If I Was Your Girl

book-review-2

I recently participated in the Dumbledore’s Army Readathon in which I planned on reading several #ownvoices titles. Unfortunately, I wasn’t able to secure those books from the library in time. Still, I wanted to read them so when I got the change to pick them up at the library I took it!

if-i-was-your-girl

I’ve been hearing a lot about If I Was Your Girl – on twitter, on Goodreads, and from other book bloggers. It’s the story of a trans teen girl, written by a trans woman.

Amanda Hardy moves to a new town, to live with her dad. She wants the chance to live as herself in a community that doesn’t know of her past. She wants to live a life without fear or prejudice.

Like all teenage girls, Amanda finds new friends at her new school. She also meets Grant, a handsome boy who makes her heart flutter. But Amanda also struggles with her desire for them to know about her past. She wants them to know her and to accept her, but she fears their true reactions.

This fear was an undercurrent throughout the whole novel. I don’t generally read contemporary fiction, YA or not, but I really enjoyed this book. Despite Amanda’s fears, she’s a normal teenager. The novel is generally lighthearted, with flashbacks and tense moments of fear or sadness that really bring the story to life.

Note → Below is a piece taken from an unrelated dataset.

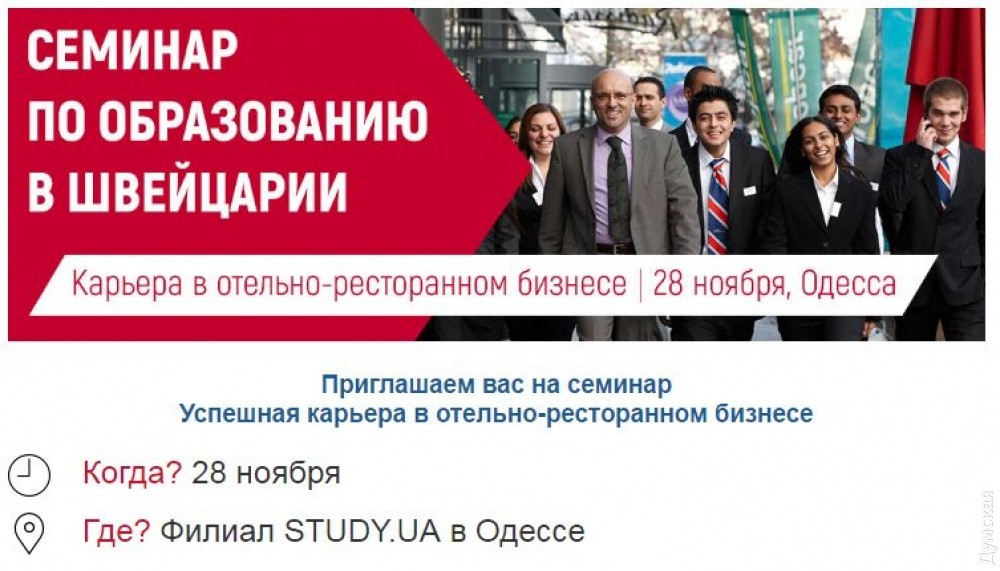 Образование в Швейцарии: новые возможности для успешных одесситов (на правах рекламы)В Одессе пройдет образовательный семинар, который организовывает компания STUDY UA. На нем каждый гость сможет ознакомиться с передовым учебным заведением Швейцарии в сфере гостинично-ресторанного бизнеса — B.H.M.S. University Centre. «В настоящее время гостинично-ресторанный бизнес является динамично развивающейся отраслью экономики. Получив высококлассное образование в Швейцарии, украинский выпускник сможет получить высокооплачиваемую работу как за границей, так и в Украине», — говорит Анна Терещенко, директор одесского филиала STUDY UA. Швейцария занимает первое место по подготовке квалифицированных специалистов в сфере туризма и гостинично-ресторанного бизнеса. А национальным лидером по предоставлению образовательных услуг в этой области считается университет B.H.M.S. University Centre в Люцерне. В рамках мероприятия запланирована встреча с представителем швейцарского университета, профессором и региональным директором по маркетингу B.H.M.S. University Centre — Магди Атталла. Спикер готов ответить на любые вопросы, связанные с поступлением и обучением в университете, а также началом международной карьеры после его окончания. «28 ноября мы поговорим о том, почему сфера отельно-ресторанного бизнеса – это лучший выбор для успешного трудоустройства; что представляет собой обучение в Швейцарии; затронем вопрос поступления в университет B.H.M.S.; а наш швейцарский гость дополнительно расскажет о возможностях, которые открываются перед выпускниками после окончания университета», — подчеркивает Анна Терещенко. B.H.M.S. University Centre является единственным университетом гостиничного и туристического бизнеса в Швейцарии с государственной аккредитацией и располагает тремя учебными центрами на набережной озера Люцерн, включая главный кампус в гостинице Radisson Blu Lucerne. Этот семинар направлен, в первую очередь на родителей, которые хотят обеспечить своему ребенку надежное будущее в развивающейся индустрии отельно-ресторанного бизнеса, абитуриентов, которые стремятся получить опыт обучения за рубежом и возможность пройти стажировку в лучших отелях и ресторанах Швейцарии, выпускников украинских учебных заведений, которые нацелены получить престижную степень МВА и помощь в дальнейшем трудоустройстве; а также специалистов в сфере туризма и отельно-ресторанного бизнеса, которые хотят усовершенствовать свои профессиональные навыки, начать международную карьеру или открыть собственное дело. Обучение проходит в современных корпусах в Люцерне. Студенты университета получают уникальную возможность оплачиваемой стажировки по специальности в Швейцарии. Немаловажно и то, что степень бакалавра можно получить всего за три года обучения, а степени магистра и MBA — всего за 1-2 года. Образовательный семинар пройдет 28 ноября по адресу: ул. Базарная, 5/3, ЖК «Капитан», офис 1. Для участия необходима предварительная регистрация по ссылке. СМЕРТЬ РОССИЙСКИМ ОККУПАНТАМ! Заметили ошибку? Выделяйте слова с ошибкой и нажимайте control-enter |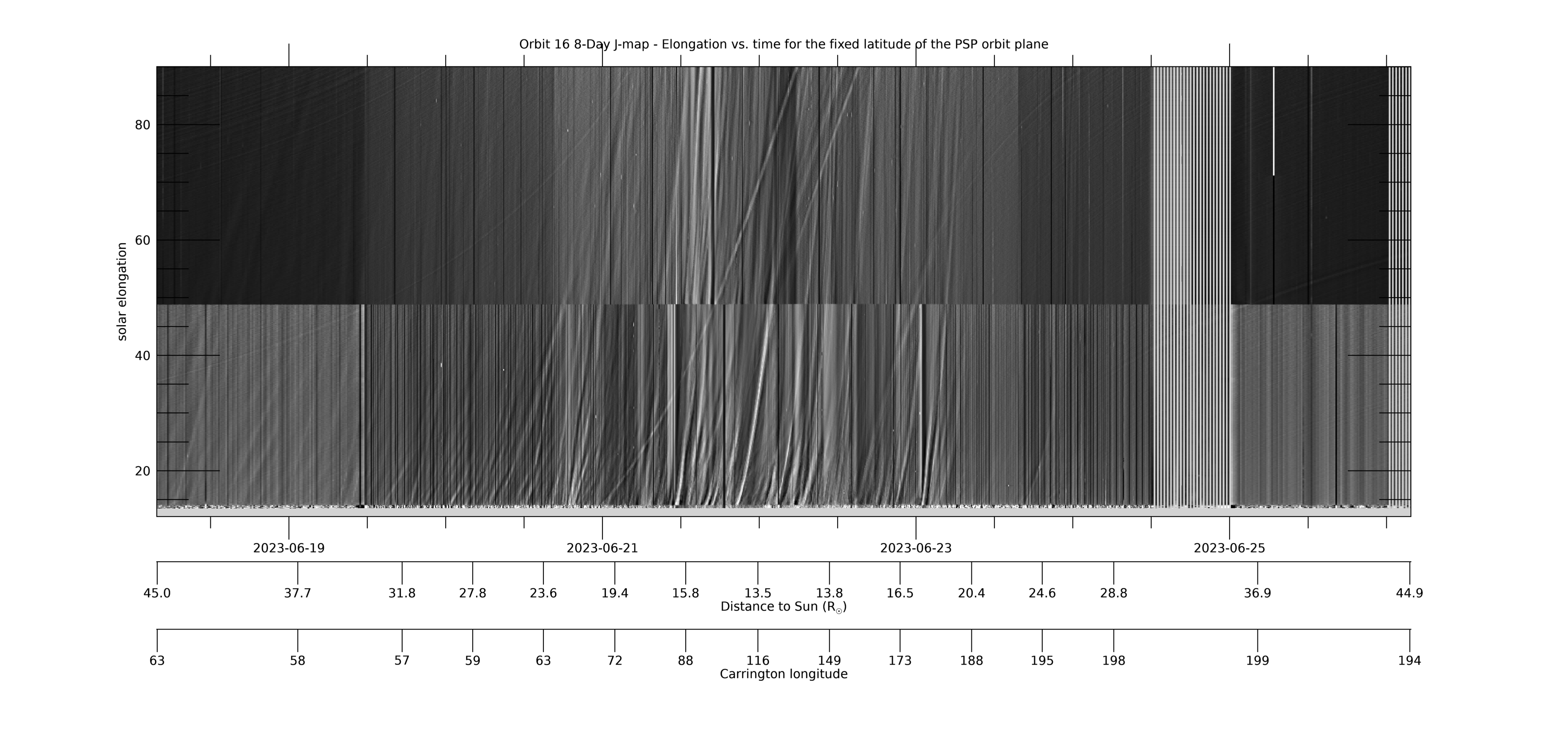 [ABOVE] This 8-day WISPR J-map shows solar elongation (angle from the Sun center) versus time at a fixed latitude measured relative to the PSP-Venus orbit plane. It is created from composite LW-processed full field-of-view (FOV) composite images such as those in the LW movie above, in which the PSP-Venus orbit plane is marked with a blue line. For each image (each time), data is collected along the PSP-Venus orbit plane for the full range of elongations in the WISPR FOV. The collected data is then stacked in time (x-axis) with elongation as the y-axis. The WISPR movies at this web site can be used to identify and find the cause of the various features seen in the J-map. Below the time axis are two additional axes showing PSP’s distance to the Sun RP and its Carrington longitude at that time. The time span in this and subsequent maps is centered on the time of perihelion. [Credit: NASA/JPL. Data processed by Paulo Penteado (JPL/Caltech).]

It was wonderful to read a story about trans lives that doesn’t encompass only tragedy, and the author herself addresses that very fact in her note at the end of the novel.

I thought that Amanda was a very likeable character, and I enjoyed the progression of her relationship with her father. I also really liked the side characters – Amanda’s friends were an interesting group. I liked Bee’s brash refusal to be anything but herself, and her unexpected endgame in the book. I also really liked Anna and her struggle with her faith and her very strict parents.

Amanda’s relationship with Grant was the essential teenage puppy love, and it was sweet to read about. Grant’s background and the secrets he was keeping really helped flesh him out as a character.

All in all, I think this is a book that anyone can read and enjoy. If you’re looking for a book with a trans character whose life is perhaps slightly easier and happier than I would expect (especially in the South), then this is the one for you. If you’re looking to understand a little more about how being trans affects your life, this is also the book for you – though perhaps taken with a grain of salt. (The author’s note at the back is certainly a necessary read.)